Molecular and cellular pathogenesis of autosomal recessive polycystic kidney disease

ABSTRACT

Autosomal recessive polycystic kidney disease (ARPKD) is an inherited disease characterized by a malformation complex which includes cystically dilated tubules in the kidneys and ductal plate malformation in the liver. The disorder is observed primarily in infancy and childhood, being responsible for significant pediatric morbidity and mortality. All typical forms of ARPKD are caused by mutations in a single gene, PKHD1 (polycystic kidney and hepatic disease 1). This gene has a minimum of 86 exons, assembled into multiple differentially spliced transcripts and has its highest level of expression in kidney, pancreas and liver. Mutational analyses revealed that all patients with both mutations associated with truncation of the longest open reading frame-encoded protein displayed the severe phenotype.

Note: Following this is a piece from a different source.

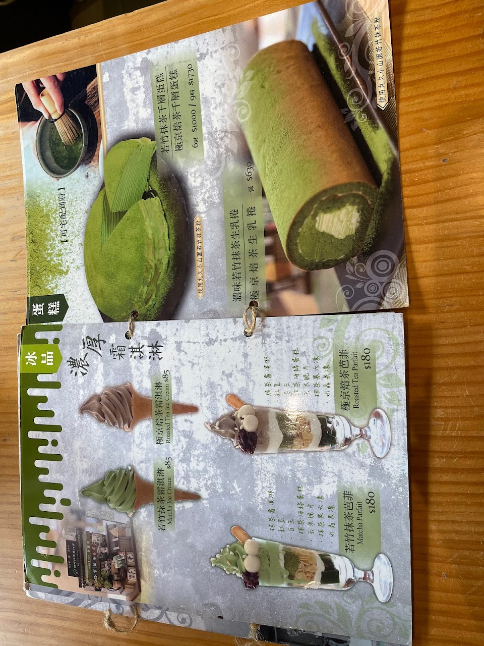 抹茶冰淇淋,焙茶冰淇淋都很好吃,生乳卷也好吃,內用每人低消130

This product, polyductin, is a 4,074-amino acid protein expressed in the cytoplasm, plasma membrane and primary apical cilia, a structure that has been implicated in the pathogenesis of different polycystic kidney diseases. In fact, cholangiocytes isolated from an ARPKD rat model develop shorter and dysmorphic cilia, suggesting polyductin to be important for normal ciliary morphology. Polyductin seems also to participate in tubule morphogenesis and cell mitotic orientation along the tubular axis. The recent advances in the understanding of in vitro and animal models of polycystic kidney diseases have shed light on the molecular and cellular mechanisms of cyst formation and progression, allowing the initiation of therapeutic strategy designing and promising perspectives for ARPKD patients. It is notable that vasopressin V2 receptor antagonists can inhibit/halt the renal cystic disease progression in an orthologous rat model of human ARPKD.